What we are doing here, is trying to segment off portions of the normal curve and then figuring out what percent of the whole, the segment is. We do that by first determining exactly where is the area of interest and then we determine how big the area is by using the table in the back of the book, the z table on page 546. First start by considering the area between the mean and some z score, say, 1.27.

Note on the normal curve, where that 1.27 is located. Then go to page 546 in your book. Move down the page to 1.2, and then across the page to .07. You should find 39.80.

This means that 39.80 percent of the entire
normal curve is found between
the mean and the z score of 1.27.

Now, if we wanted to know how much of the normal curve was located below the z score of 1.27, we would have to add the 39.8 percent to the 50 percent located below the mean.

The percentile for a z score of 1.27 is 89.8.

Percentages above or below some raw score

Suppose you wanted to throw rotten eggs at your stats professor. You know that eggs rot at an average rate of 14 hours at 75 degrees F. If the standard deviation is 3 hours, what percent of your eggs would be rotten and ready for tossing at 9 hours? (assuming, of course that you have a normally distributed population of eggs)

For this problem, you want to know what is the percent of the curve falling below the raw score of 9 hours.

First, determine the z score at 9 hours. The mean is 14 and the standard deviation is three. The z would be 9 minus 14, divided by 3, or -1.67. So, now you are getting closer to knowing what percent of eggs could be thrown at the end of just 9 hours. That would be the amount of time you'd have to spend doing just one of these problems, right?

Now go to page 523 to find the area between the mean and -1.67. That percent is 45.25. So the green area, estimated by the curve to the right, is 45.25%. The yellow area, then, must be 50% minus 45.25%, or 4.74%. Therefore, however many eggs you had to begin with, you'd be able to throw 4.74% of them at your stats professor.

Percentages between two raw scores

Let's first look at the logic of these kinds of problems. Here, we have two z scores on opposite sides of the mean.

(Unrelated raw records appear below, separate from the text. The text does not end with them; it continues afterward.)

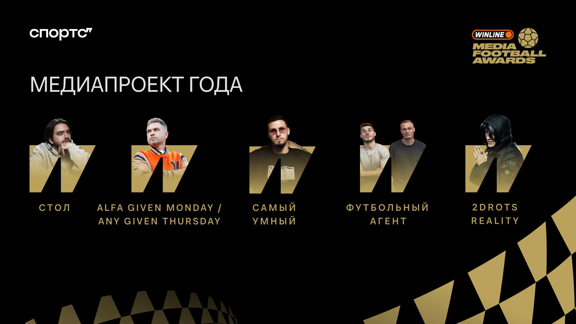 На приз претендуют: «Стол», Alfa Given Monday и Any Given Thursday, «Самый умный» Алексея Гасилина, «Футбольный агент» от Макея и Кента и 2Drots Reality.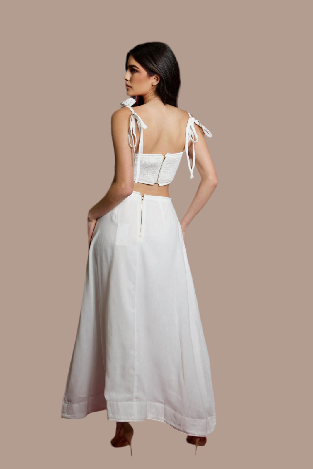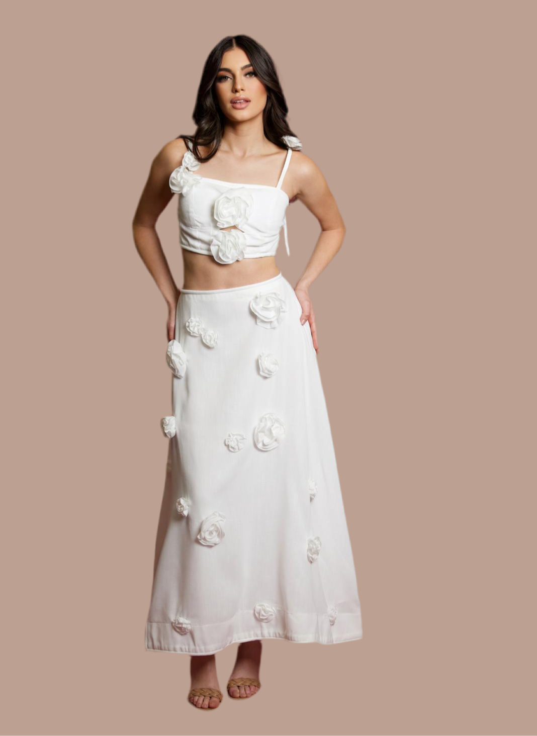 The model is wearing a size S, which fits her measurements: bust 32", waist 24". She is 5'8" tall.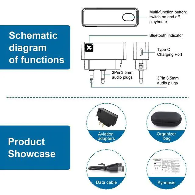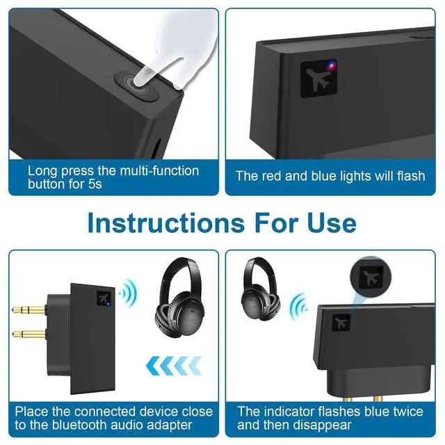 Tips: Bluetooth 5.3 transmitter receiver connection is very simple, open the headset Bluetooth and aviation adapter Bluetooth, close together will be automatically connected, according to the flashing light to confirm whether the match is complete.

What would you do to find the percent between them?

Yes, find the area between each z score and the mean and ADD them together. Here's an example: Suppose you wanted to find the percentage between the two raw scores of 45 and 57 for a distribution with a mean of 50 and a standard deviation of 3.

The z score for 45 is (45 - 50)/3, or -1.67. The z score for the 57 is (57 - 50)/3, or 2.33. The first z is on the left side of the mean and the second is on the right side of the mean. The percentage for the -1.67 is 45.25. The percentage for the 2.33 is 49.01. Together, the percentage is 94.26. Therefore,94.26 percent of the population resides between those two raw scores, given the mean of 50 and the SD of 3.

Suppose the first z score were .69. The percent between the mean and the z of .69 is 25.49. If the second z score were 1.73 then the percent (in blue below) would be 45.82.

The difference between the two is 20.33%

probabilities

Chapter Six problems are just like those in Chapter 4. The only difference is that once you have found the percentage, you then change it to a decimal (a probability). To change a percent to a probability, take off the percent sign and move the decimal two places to the left. You are, in essence, dividing the numeral by 100. Afterall, percent means per hundred, or, divide by 100.

Let's work problem 11 in Chapter 6: You know the mean is 9.5 and the standard deviation is 3.15. To find the probability of finding at random someone who had more than 12 filled cavities, you assume that 12 is the X (score). Use the z formula to find out how far (in standard deviations) from the mean the 12 is.

(12 - 9.5)/ 3.15 = .79

Look that up in the z table and you'll find that the percentage between the mean and .79 is 28.52%.

The problem asks us to find the probability of MORE than 12 cavities so we'd need to subtract 28.52 from 50% to get what's on the other side. The percentage is 21.48.

Now, all you need to do to find the PROBABILITY is to change 21.48% to its decimal form, or .2148.

Therefore, p = .215 (round however you like). Not too bad, no?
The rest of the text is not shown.